In fact, this is a great opportunity to talk about what happened yesterday. I had this man who has just been bombarding my videos with just the most hate speech that’s just vitriol, just venom, left me probably 20 different comments telling me, you know, everything from, you know, I’m gonna burn in hell and my ancestors are embarrassed of me and I don’t speak for all native people – granted this was a cisgender, heterosexual native man, older who works in the community.

And it’s really important to bring this up because it goes to show you that, like violence and hatred and harm doesn’t just come from people outside of our communities, it comes from our own, our own people all the time. And this lateral violence is happening so, so often from people that you’re not expecting it from. And I think that that’s when it starts to hurt a little bit more is when it comes from people who you’re not used to defending yourself from, people that you think understand you, and that you think are your community. At a certain point you know you have to block them and delete them and do all those things necessary.
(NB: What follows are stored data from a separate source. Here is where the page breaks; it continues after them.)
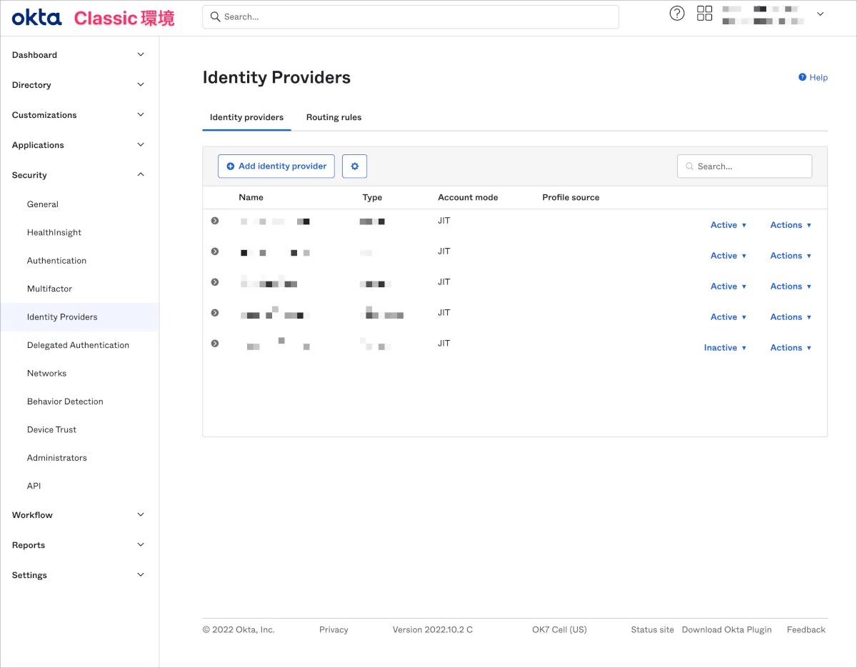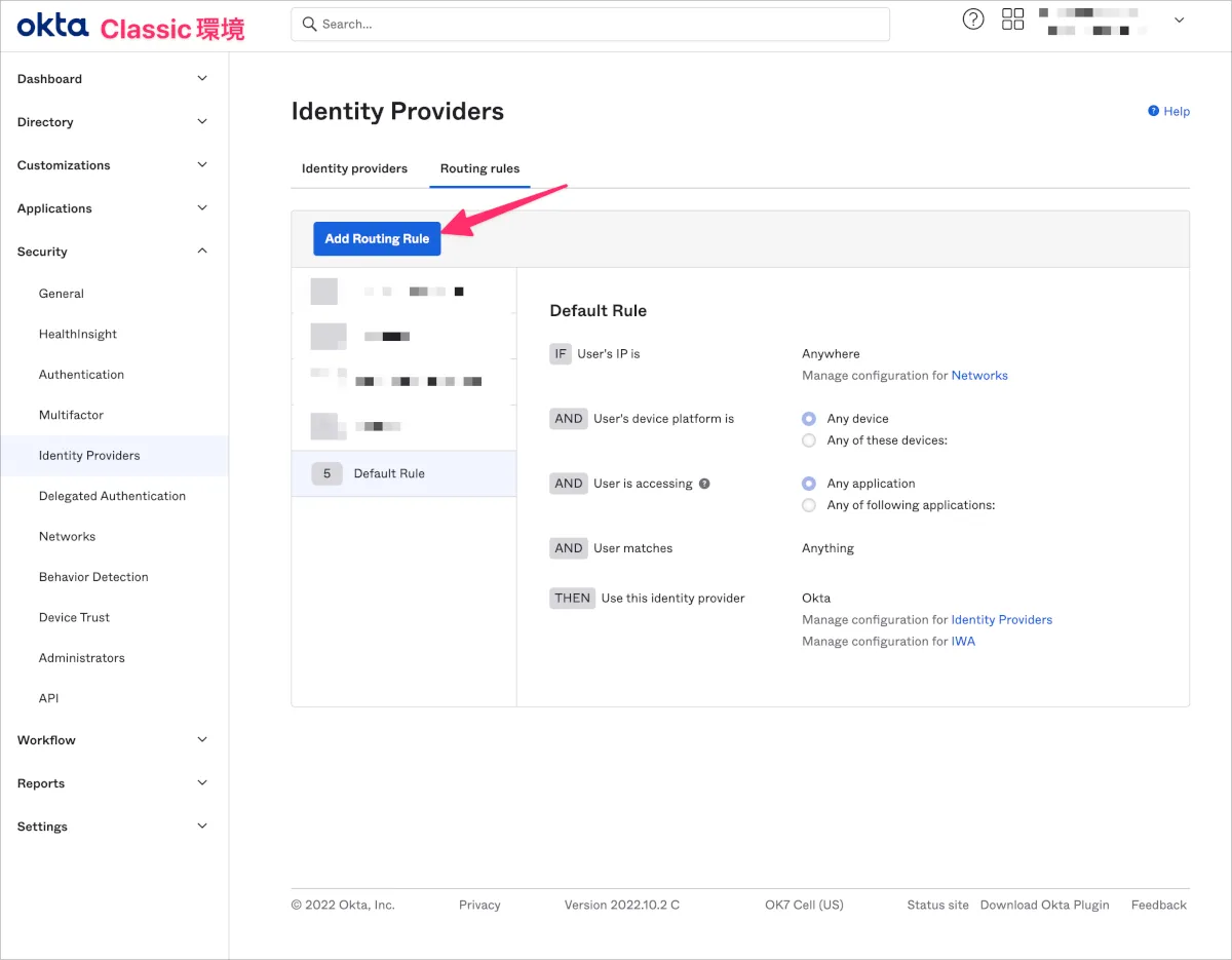 - Classic環境のOkta管理画面でSecurity>Identity Providersに移動し、Routing rulesからAdd Routing Ruleをクリックします。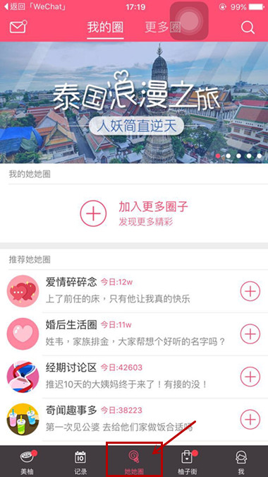5、点击“她她圈”,然后我们可以看到里面有很多类似话题的讨论群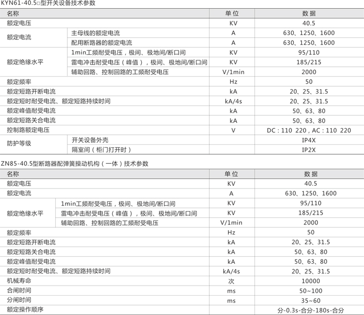 KYN61-40.5□ 型鎧裝移開式交流金屬封閉開關設備 (以下簡稱“開關設備”) 其主要特點是柜內配用 ZN85-40.5 型全絕緣真空斷路器及彈簧操動機構,也可配用ABB的VD4-40.5和HD4-40.5柜體采用敷鋁鋅板和冷軋鋼板噴塑組裝而成,提高了手車與柜體的配合精度,手車推進拉出十分輕便,互換性強。外形美觀、方案齊全、使用安全可靠。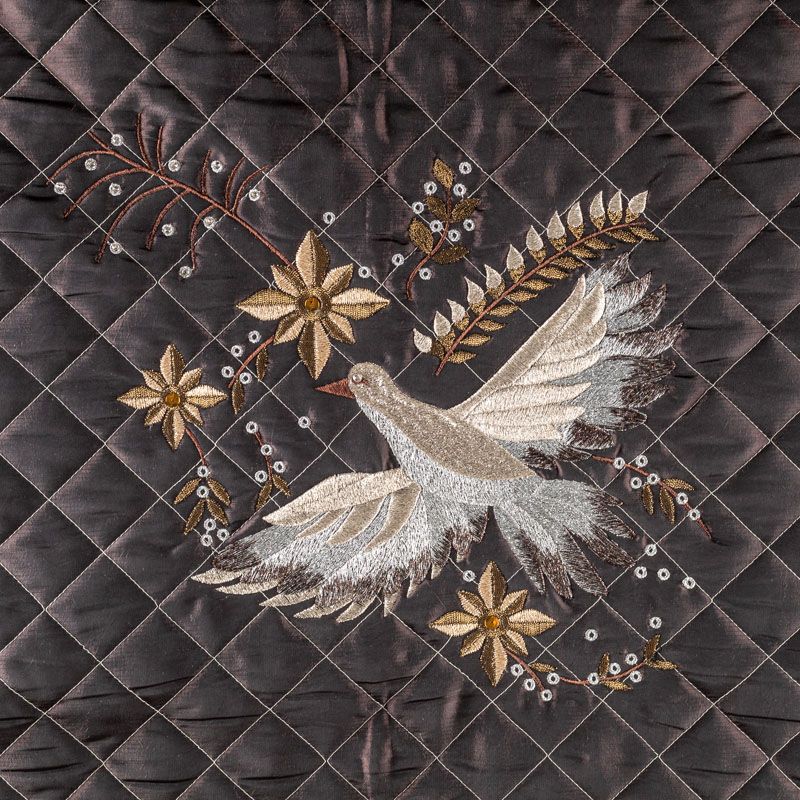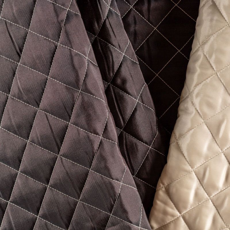 Курточный купон на синтепоне и подкладке, простеганный не крупными ромбами размером 3,5х3,5 см. С лицевой стороны тонкая, но прочная плащевая ткань с фантазийной вышивкой, с изнаночной - однотонная ткань песочного оттенка. Материал мягкий, объемный и "воздушный", хорошо держит форму и подойдет для пошива легких пальто, курток, жилетов, накидок-кейпов, парки.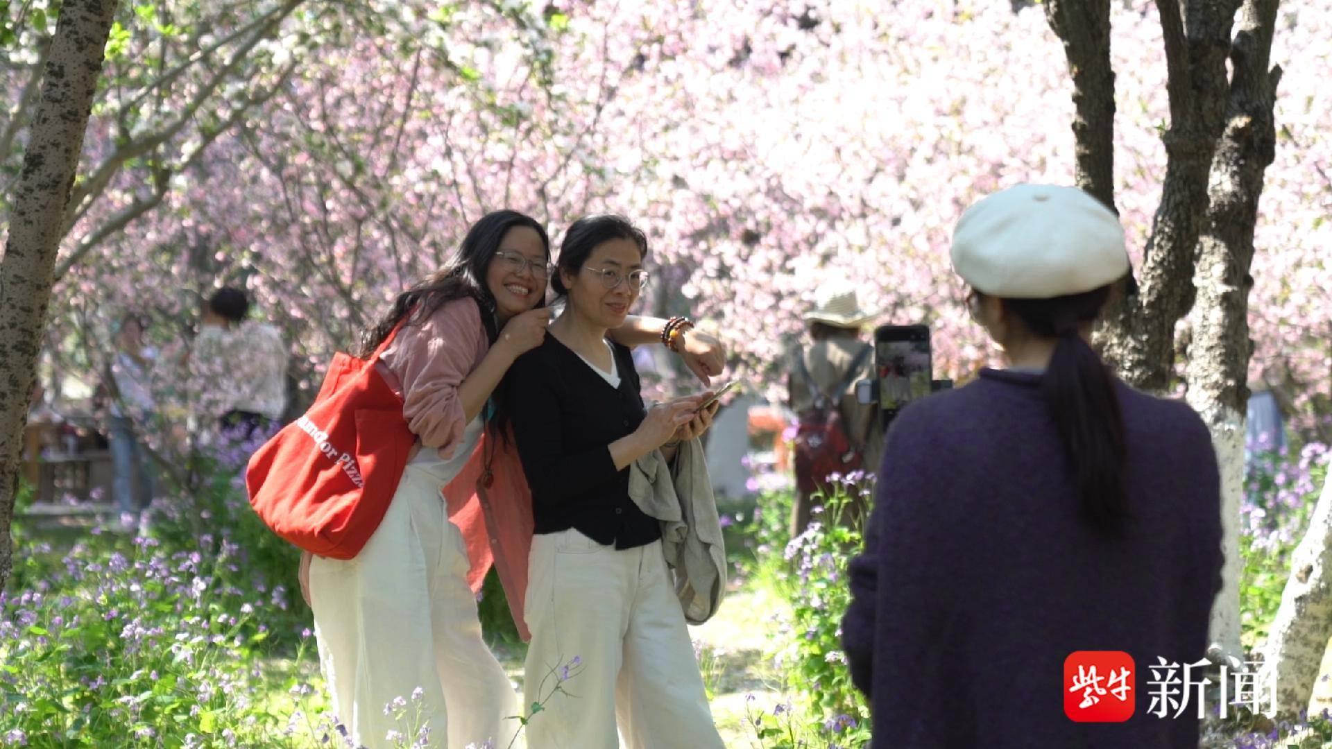 除了海棠花,莫愁湖公园内的二月兰也开得正盛,蓝紫色的花朵与粉色海棠相互点缀,形成了独特的景观。湖边的长椅旁,盛开的海棠花成为了天然背景,游客们坐在长椅上,静静地欣赏着湖光山色与海棠花的美景,沉浸在这美好的春日氛围中。随着海棠花进入盛花期,莫愁湖公园已成为南京春日赏花的热门打卡地。虽然近日气温较高,但从傍晚起强冷空气来袭,未来几天气温将明显降低。市民和游客在外出赏花时,需注意及时增减衣物,预防感冒等疾病,更好地享受春日美景。

Here’s one thing about me though. And not everybody agrees with this, and that’s totally fine. But I am a Double Gemini Two Spirit Troublemaker. For the longest time, since I was four years old and was even old enough to be able to like choose how I dress and what I want to do, I have been this person – the cool hair and the jewelry and the makeup and the clothes and the… Never once have I ever not been that person, and so you can imagine growing up there was a lot of bullying, and I am no stranger to defending myself against the harshness of the world. I learned that right out the womb. You know what I mean?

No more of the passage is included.